His mind kept drifting—back a few nights, to the image burned behind his eyes. Kath, asleep at her desk, curled beneath his jacket. The slow, even breaths. The dried tear tracks on her cheeks. The way she’d pressed her face into the fabric, chasing comfort without even knowing where it came from.

That was three days ago.

And somehow, the moment still lived in his chest like a splinter he hadn’t figured out how to pull.

"—and the Thompson deposition went better than expected," Joshua was saying, flipping through his notes. "We should have the transcripts by Thursday."

Ben made a noncommittal sound, eyes on the document in front of him, but seeing none of it.

The meeting room felt too quiet. Too controlled. And still, his thoughts lingered in the shadow of that night—until Joshua spoke again.
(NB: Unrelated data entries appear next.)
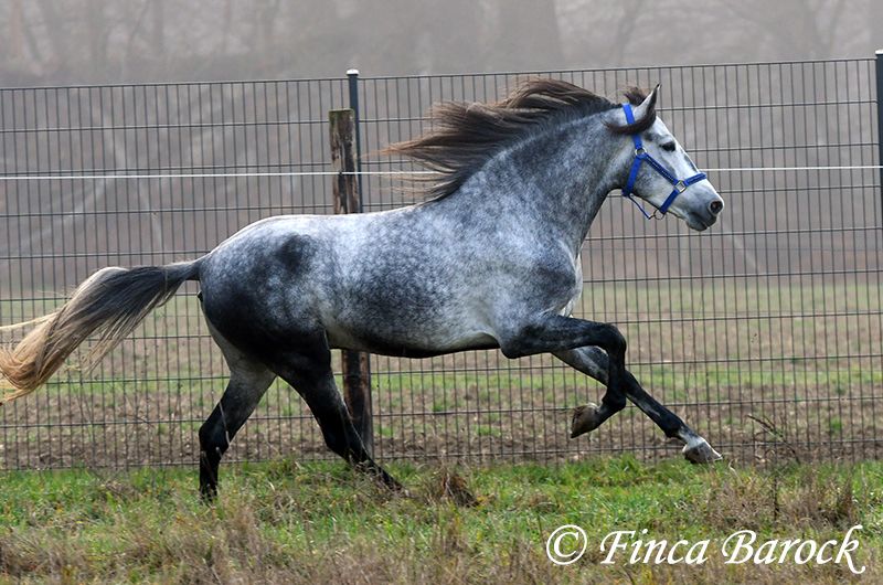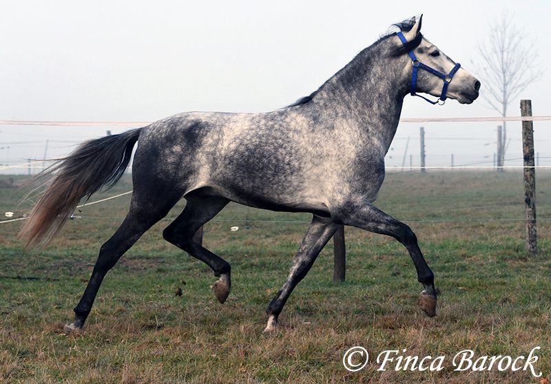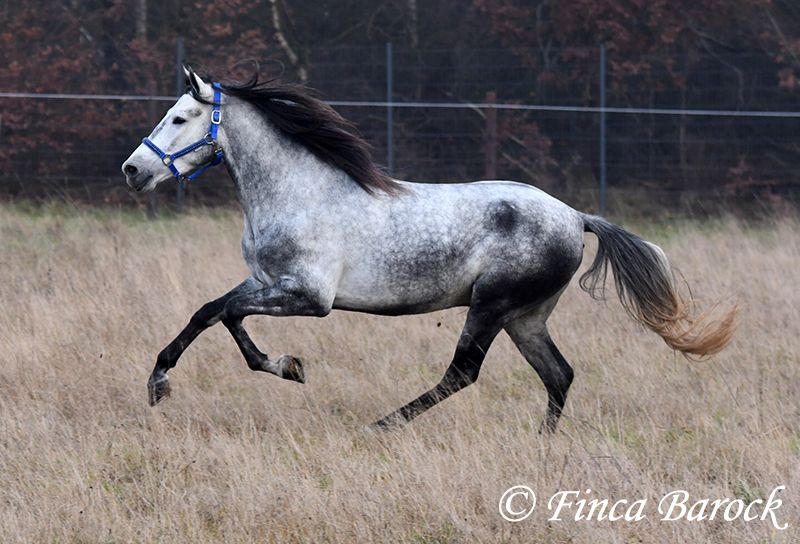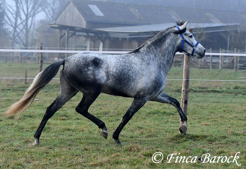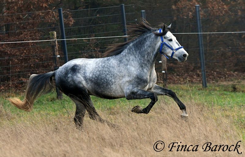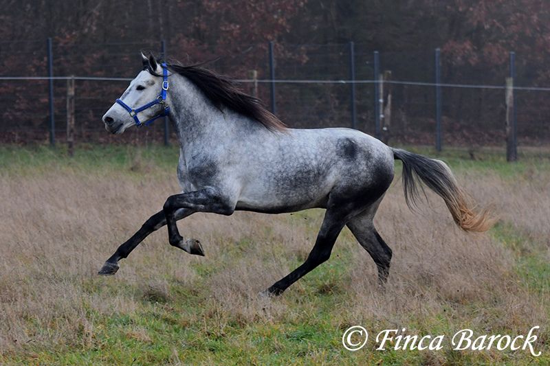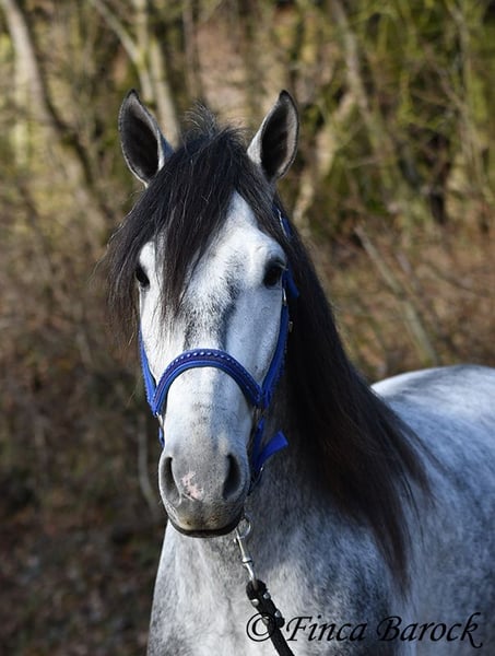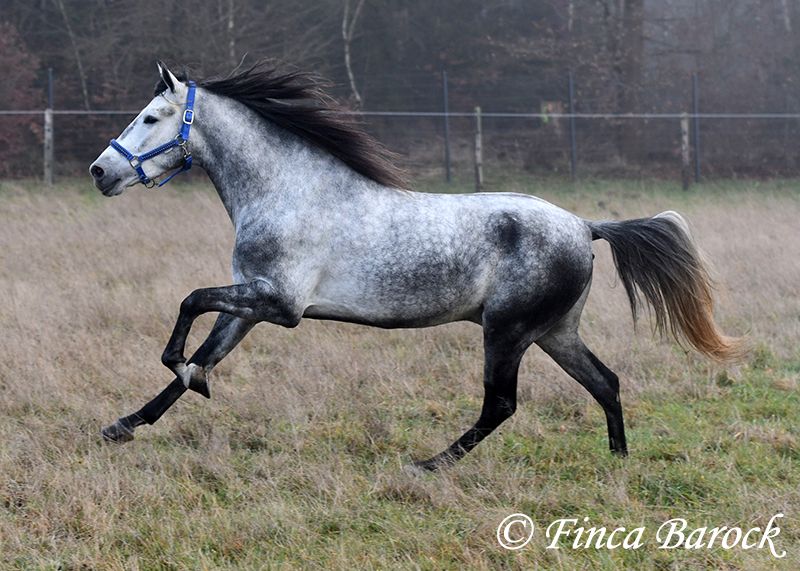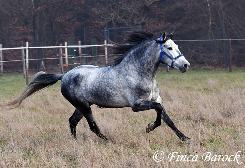 Rasse: Andalusier Name: Espartano Geschlecht: Wallach Stockmaß: 156 cm Alter: 21.11.2021 Farbe: Schimmel Preis: 9500 € Vater: o. P. Mutter: o. P. Espartano, ein echter Hingucker mit sehr sanftem, freundlichem Charakter. Espartano ist im November 4 Jahre alt geworden. Er bringt bereits jetzt eine hohe Grundcoolness mit und liebt Schmuseeinheiten. Espartano ist solide in den GGA geritten. Er kennt mehr Gelände als Viereck und lernt aktuell bei uns mehr Routine im Viereck kennen. Er zeigt sich auch unter etwas unsicheren Reiter ausgesprochen anständig und wohlwollend. Draußen erleben wir Ihn ausgesprochen gelassen, egal ob bellende Hund am Zaun, Fahrradfahrer oder Autobahnbrücke – Espartano nimmt die neuen Dinge war, lässt sich aber schnell überzeugen das alles normal ist. Dazu hat er sitzbequeme Bewegungen und vermittelt einfach ein klasse Reitgefühl! Ein toller, kompakter Bub, mit unglaublich freundlichem Blick und toller Halsung. Er steht noch voll in der Entwicklung und wird noch weiter Auslegen und etwas Wachsen. inkl. klinischer tierärztlicher Untersuchung und Röntgenbildern Kontakt: Finca Barock, Tel. 0173-696 31 81, 56291 Wiebelsheim
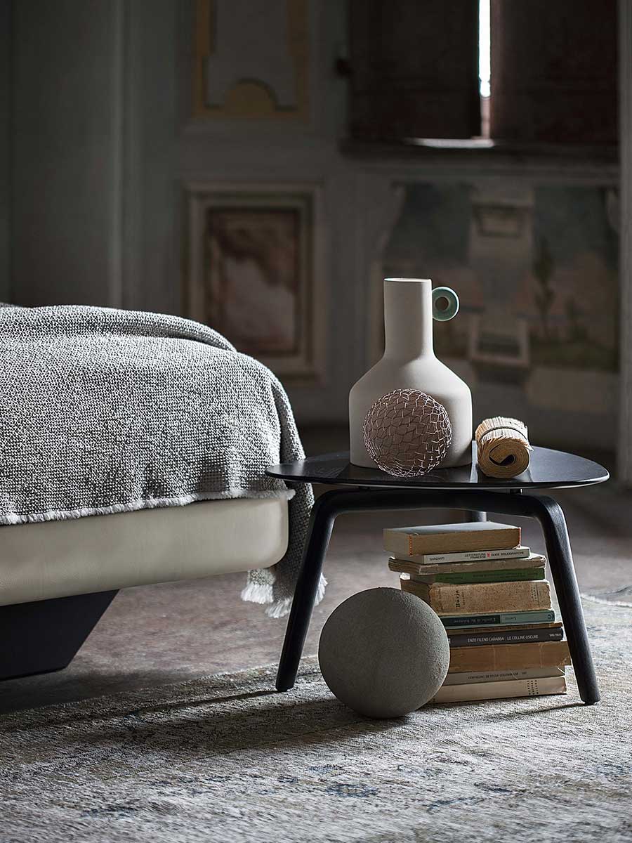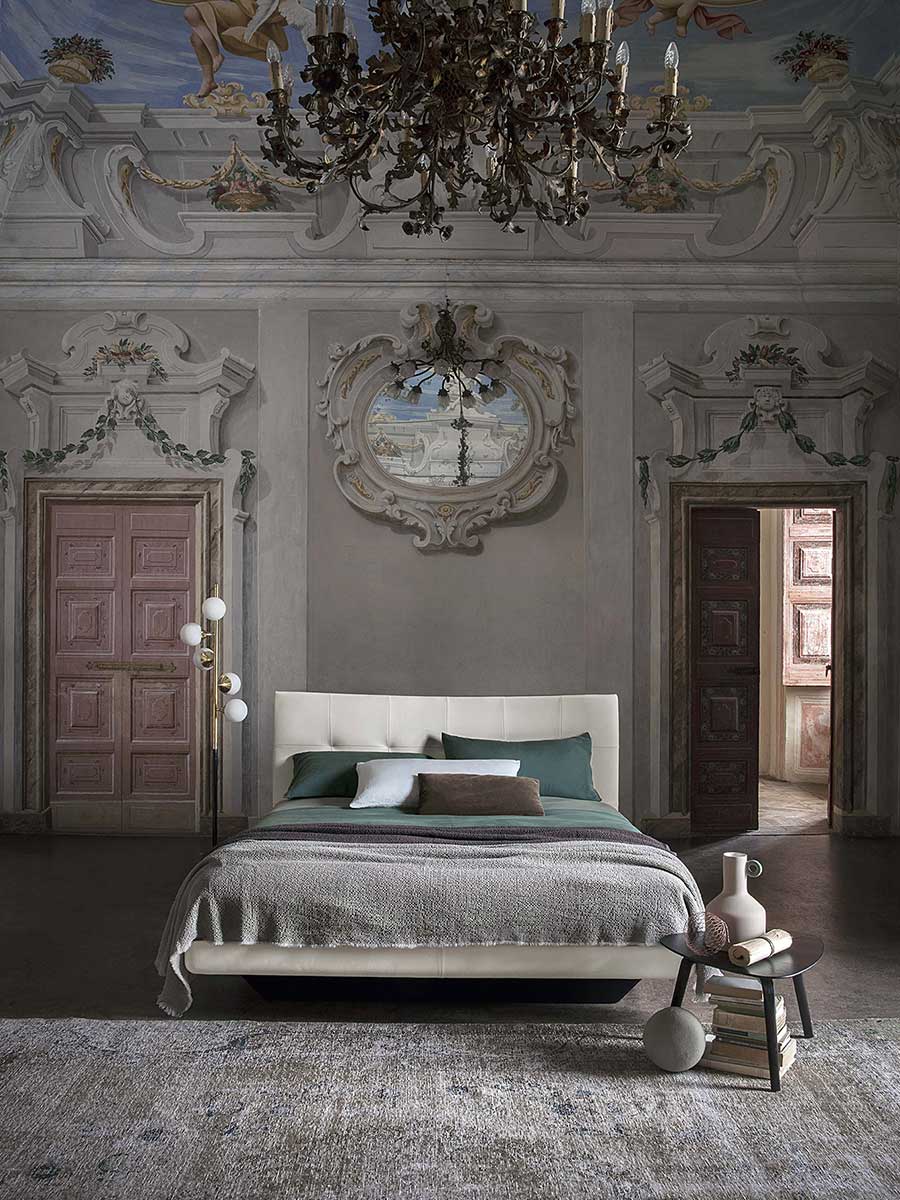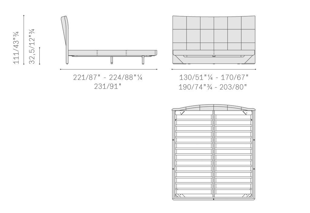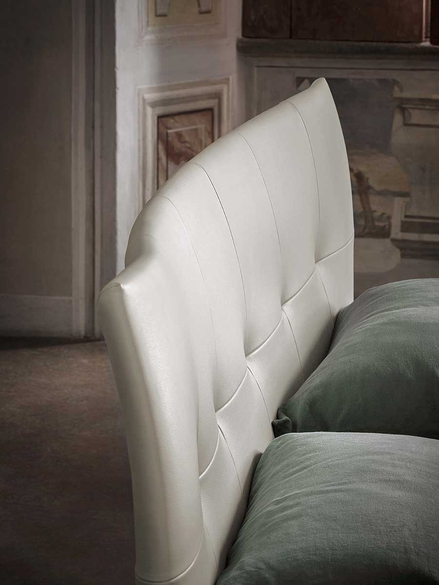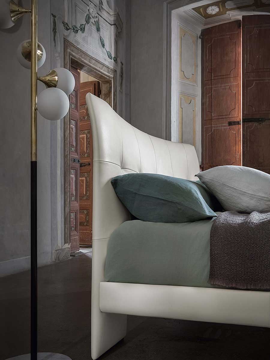 Изголовье кровати Aurora Due выполнено из массива бука с лёгкой набивкой и обито кожей Pelle Frau®. Основание кровати обито полиуретановой пеной с лёгкой набивкой, боковины изготовлены из еловой фанеры, а изножье – из тополя. Передние углы украшены кожаной отделкой. Задние ножки кровати Aurora Due образуют изголовье, которое доходит до пола, а переднее основание выполнено из дерева с чёрной устойчивой к царапинам краской и представляет собой цельную трапецию той же ширины, что и кровать. Металлическое основание имеет ту же форму, но полое внутри и доступно в чёрном, тёмно-сером и хромированном вариантах отделки.
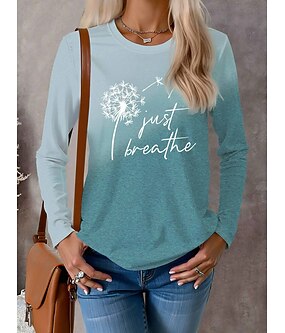 レディース Tシャツ クルーネック 長袖 チュニック レター ダンデライオン モダン カジュアル レギュラー トップス デイリー ウィークエンドプリント ブルー 秋 冬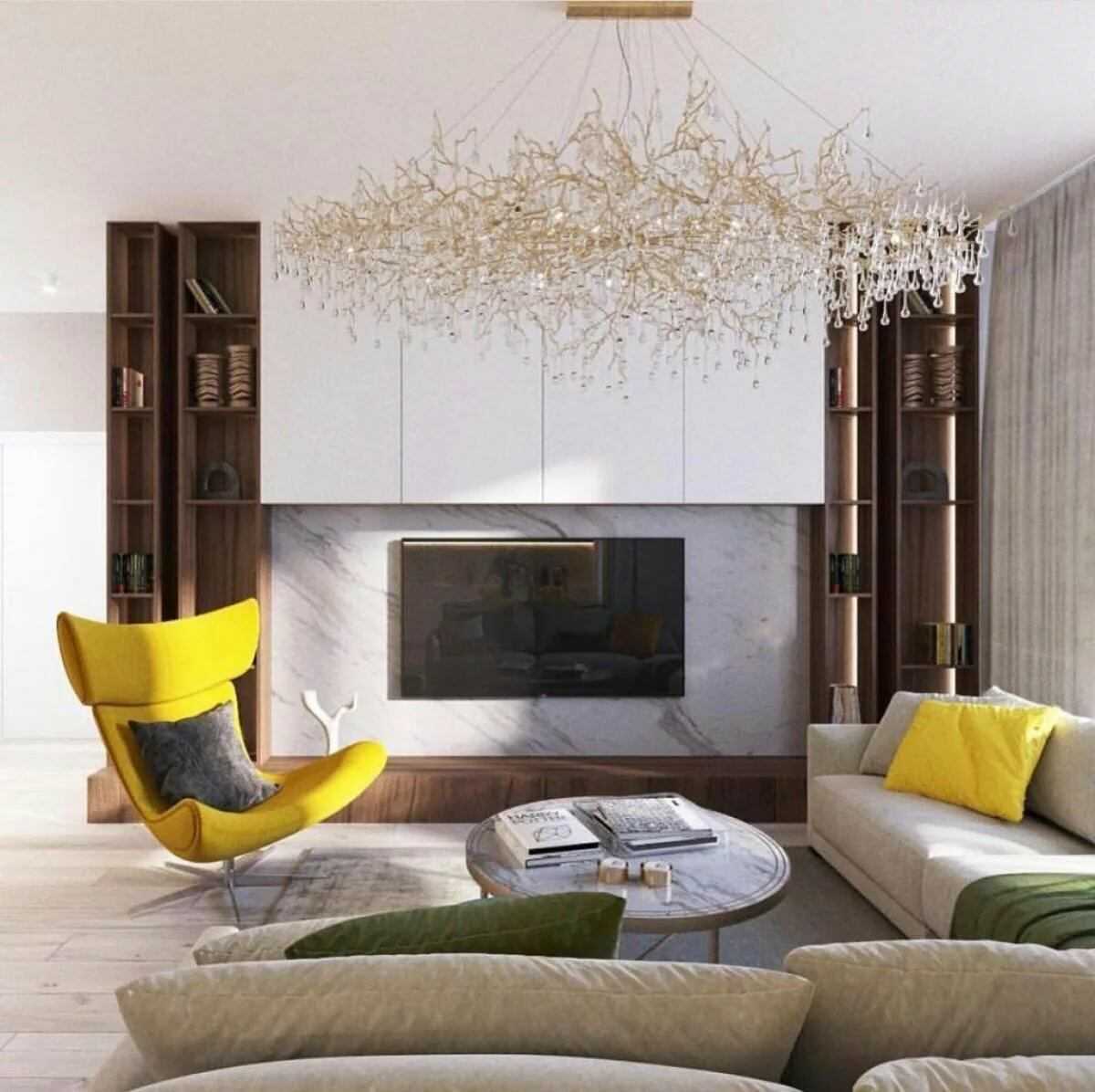 Успешно выбранная люстра, лампа для потолка – незаменимая мелочь в интерьере. Учитывая тенденции, светильники должны быть в стиле художественной инсталляции. Ниже приведем фото: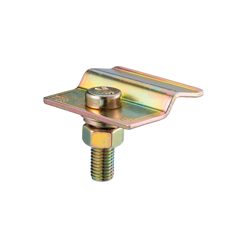 产品规格产品特点及应用特征 • 采用冲压取代热锻压铸工艺 , 产能效率大幅提升 , 耗能和成本降低 , 质量稳定可靠; • 独特的工艺设计 , 防止折弯裂纹和应力集中产生; • 方孔设计配合对应的方颈螺栓 , 安装快速方便; • 符合 GB7588-2020 标准下摩擦力的要求应用 • 固定电梯轿厢在导轨上行驶, 防止轿厢晃动或者脱轨技术数据材质、涂层电镀锌孔设置方孔/六角头螺栓认证/测试报告通过摩擦/夹紧力测试质量检验通过产品原产地浙江湖州产品性能测试 1. 摩擦力测试 2. 导轨夹持力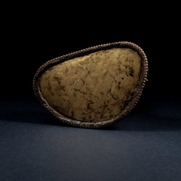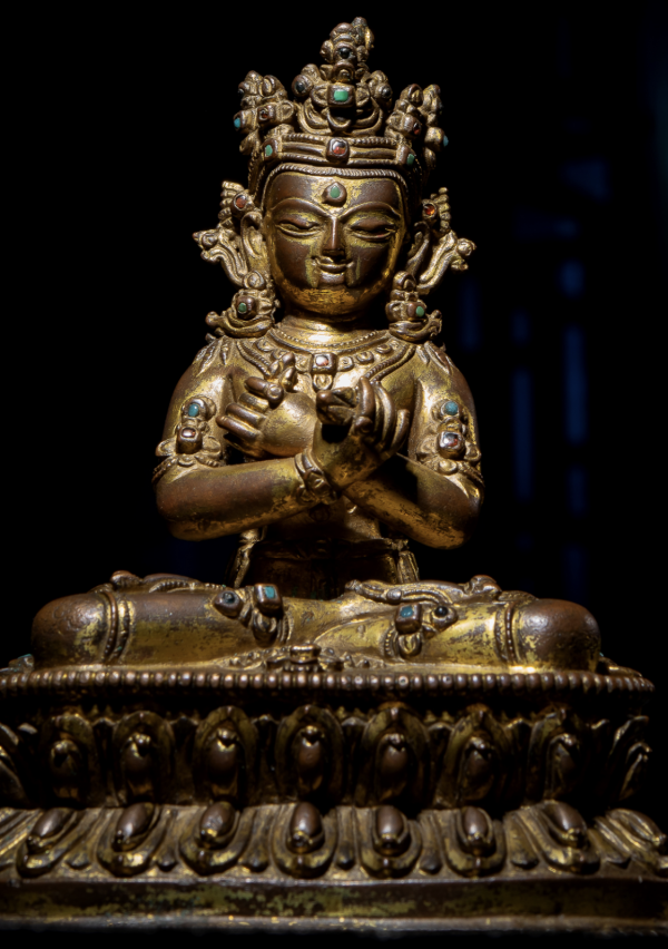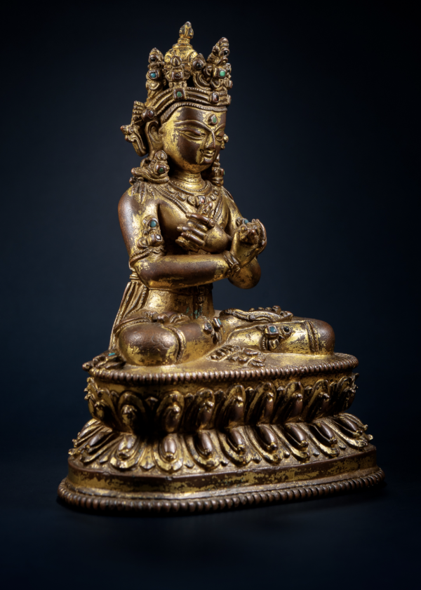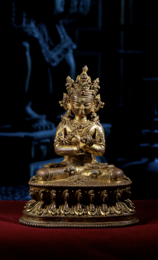 此尊金刚总持头戴尼泊尔造像上颇为流行的国王盔,前有高耸的花冠,耳际宝缯呈U字形向外翻卷,耳下垂花型耳环;额部高广,眉如弯月,双目低垂俯视,眉间饰白毫,面庞圆润,脸相祥和,高鼻细嘴,呈十六岁质朴童子相,妙相庄严、法喜充盈。双手置胸前交叉,结金刚吽迦罗印,左右手分别持金刚铃和金刚杵,铃杵组合象征慈悲与智能的合一,代表密教修行的最高修行成就和境界。莲座宽大,造型大方,下边缘各饰一周连珠纹。莲瓣饱满有力,大气舒展,各由花瓣形莲叶托起,形制美观大方;它们上下对称分布,周砸环绕一圈,封底完整。全像躯体壮硕,肌肉劲健,体态优美舒展,造型大气完美,多处镶嵌各类宝石充分表现了金刚持在藏传佛教中的至尊地位和悲智双圆的宗教特质.

"Oh, and Winters handled the witness meeting today for the Sterling case. She'll file the report herself."

Ben stilled.

The pen in his hand froze mid-stroke. His grip didn’t shift, but something in his entire posture changed—sharp, alert, lethal.

"Really?" he asked, voice cool, measured. Carved from stone. "She handled it?"

Not requested. Not cleared. Not approved.

Handled.

Joshua nodded, oblivious to the subtle crack in the atmosphere. "Yeah, she said she had it covered. Spent all morning on it."

All morning. No message. No heads-up. No permission.

Ben exhaled slowly and set the pen down with the kind of careful control that warned—if anything snapped next, it wouldn’t be the pen.

She’d broken a rule.

And worse—she’d done it like she thought he wouldn’t notice.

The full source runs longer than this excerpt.